The black bulbul (Hypsipetes leucocephalus), also known as the Himalayan black bulbul or Asian black bulbul, is a member of the bulbul family of passerine birds. It is found in southern Asia from India east to southern China. It is the type species of the genus Hypsipetes, established by Nicholas Aylward Vigors in the early 1830s. There are a number of subspecies across Asia, mostly varying in the shade of the body plumage (ranging from grey to black), and some also occur in white-headed morphs (as also suggested by its specific epithet leucocephalus, literally "white head"). The legs and bill are always rich orange-red. The related form from the Western Ghats and Sri Lanka is often treated as a separated species, the square-tailed bulbul (Hypsipetes ganeesa).

The black bulbul is 24–25 cm in length, with a long tail. The body plumage ranges from slate grey to shimmering black, depending on the race. The beak, legs, and feet are all orange and the head has a black fluffy crest. Sexes are similar in plumage, but young birds lack the crest, have whitish underparts with a grey breast band, and have a brown tint to the upperparts. They have a black streak behind the eye and on the ear coverts.
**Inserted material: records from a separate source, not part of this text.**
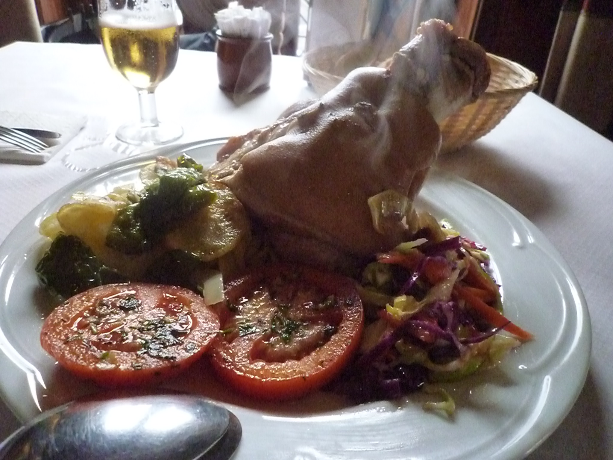 昨日生ハムの生産高がスペイン第一位の街トレベレスにいってきました。アルプハーラ地方そのものが生産地として有名なのですが、この街には日本人の業者も多く買い付けにやってきています。フェレイローラ村からはほんの15キロほど離れているだけなので、隠れた名店レストラン「フラグア」に食べに行っています。ここの名物のひとつに豚の肘の関節をじっくり煮込みトロトロにした一品があります。写真で見ての通り脂ギトギト、体には悪そうだし量が多い。このところ体重が極端に増えているし、一瞬逡巡しましたがやはりコディジョを注文、これを最後にダイエットを誓い、完食、夜には胸焼けのため起きあがり、梅肉エキスを処方しました。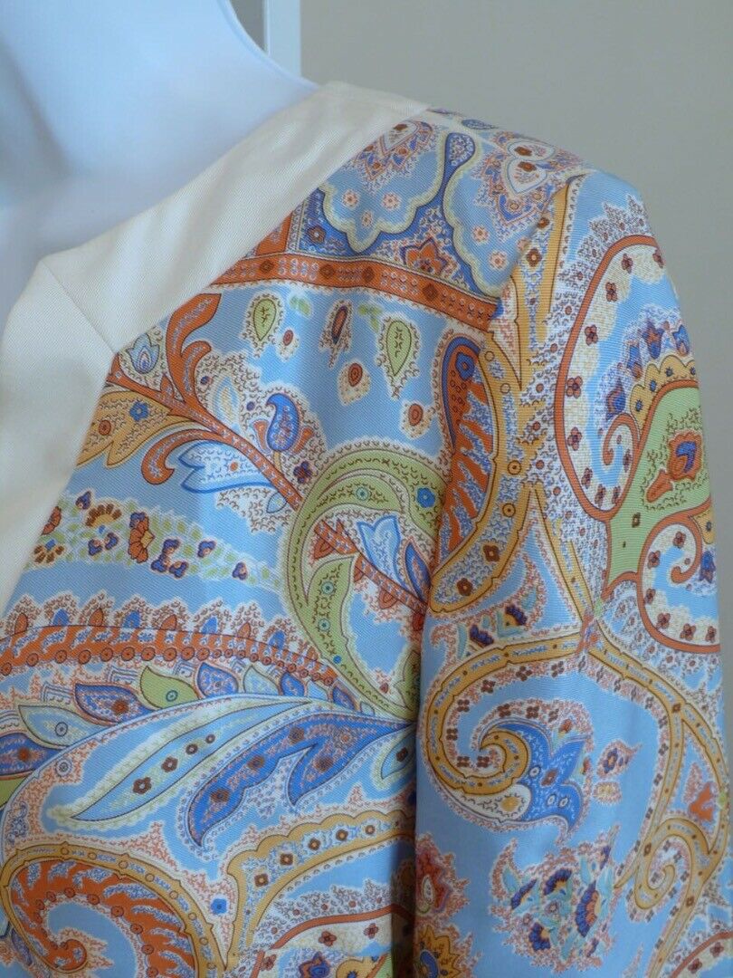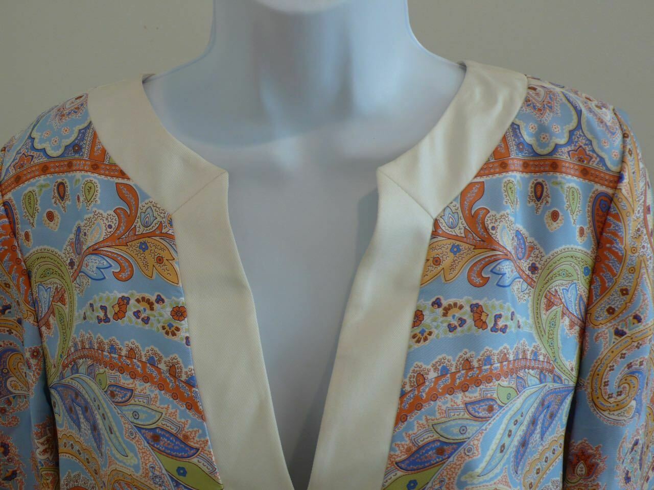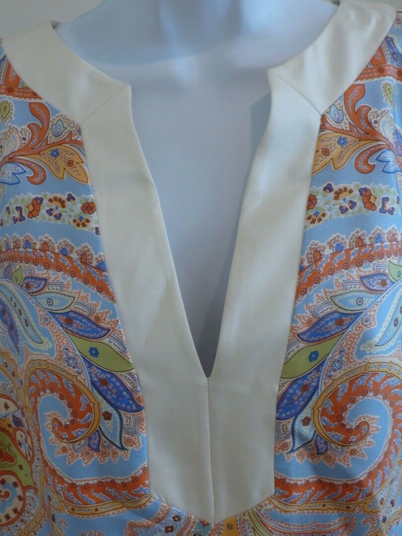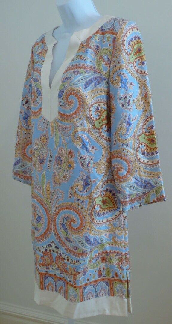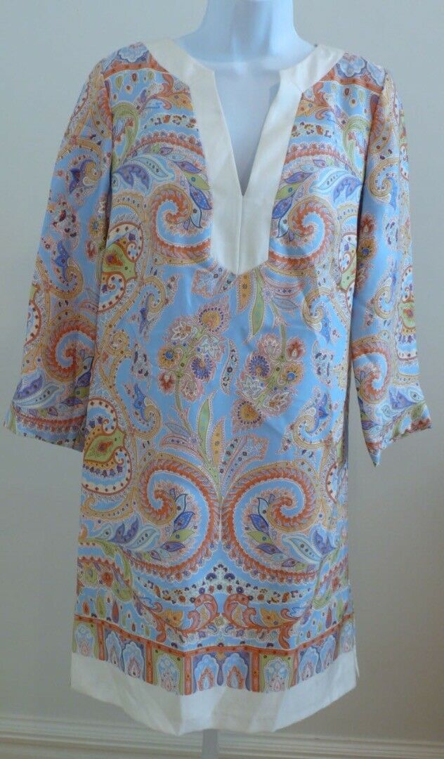 J.MCLAUGHLIN Light Blue Orange Green Paisley 3/4 Sleeve V-Neck Silk Dress Sz 2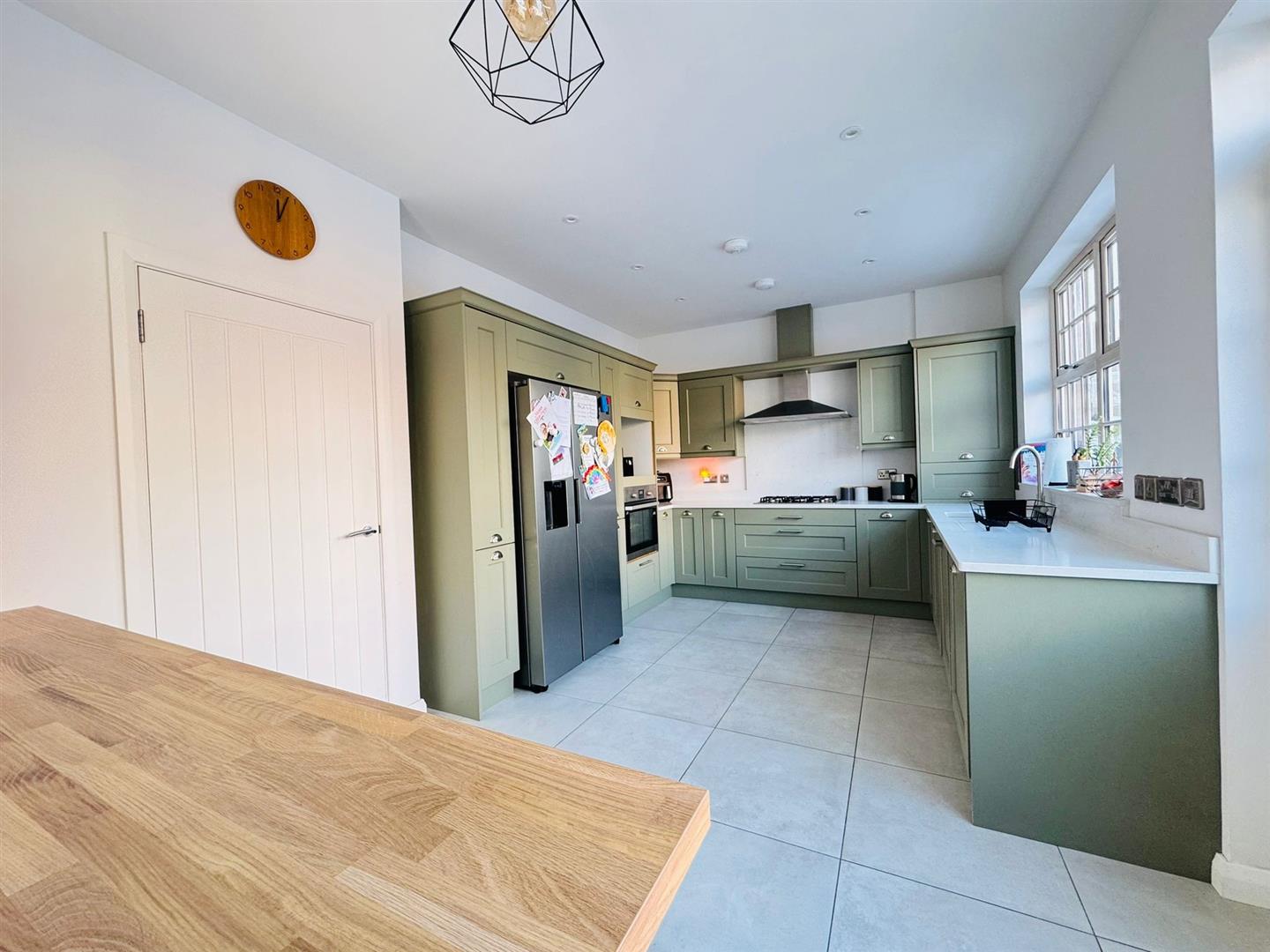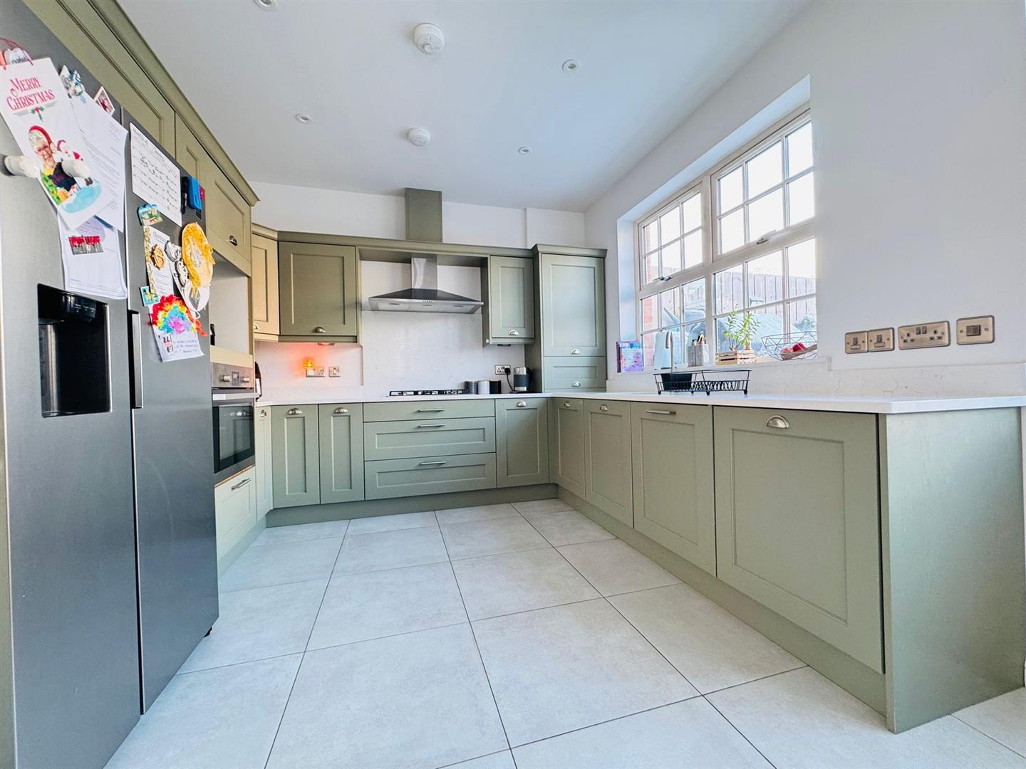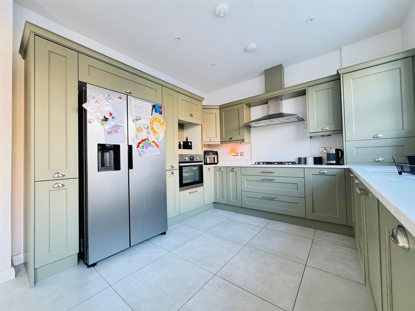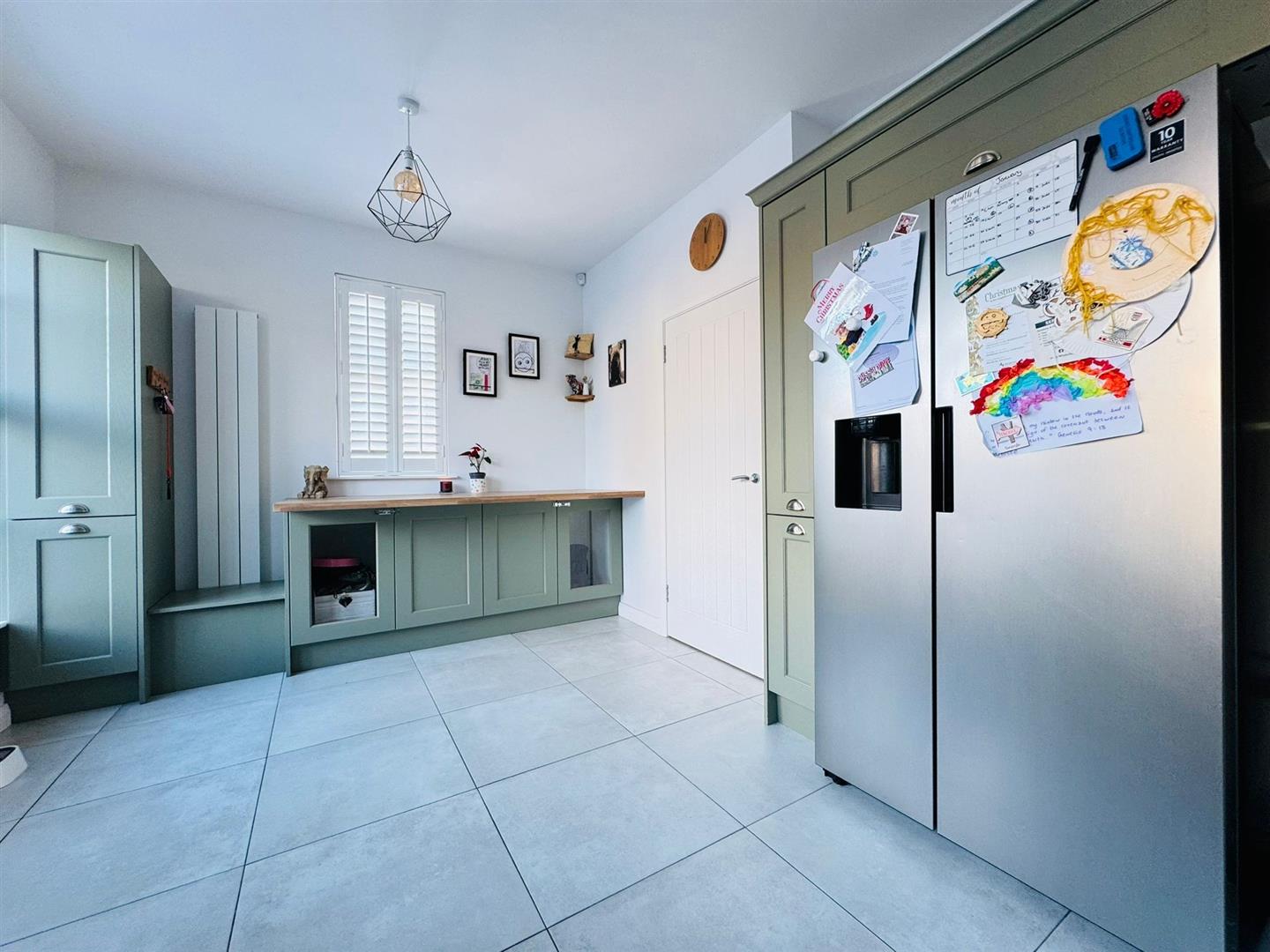 Modern range of high and low level units, quartz worktop, ceramic inlay sink unit, built in oven, gas hob, stainless steel extractor fan, American style fridge / freezer space, integrated dishwasher and washing machine, tiled floor, radiator, pvc double glazed back door

The taxonomy is complex with this and several other currently recognized species earlier treated as subspecies of Hypsipetes madagascariensis. Within Asia, ganeesa has often been considered as a subspecies of H. leucocephalus, but is here treated as a separate species restricted to the Western Ghats (south of somewhere near Bombay ) and Sri Lanka, the square-tailed black bulbul. The subspecies from Sri Lanka humii is then placed under this species.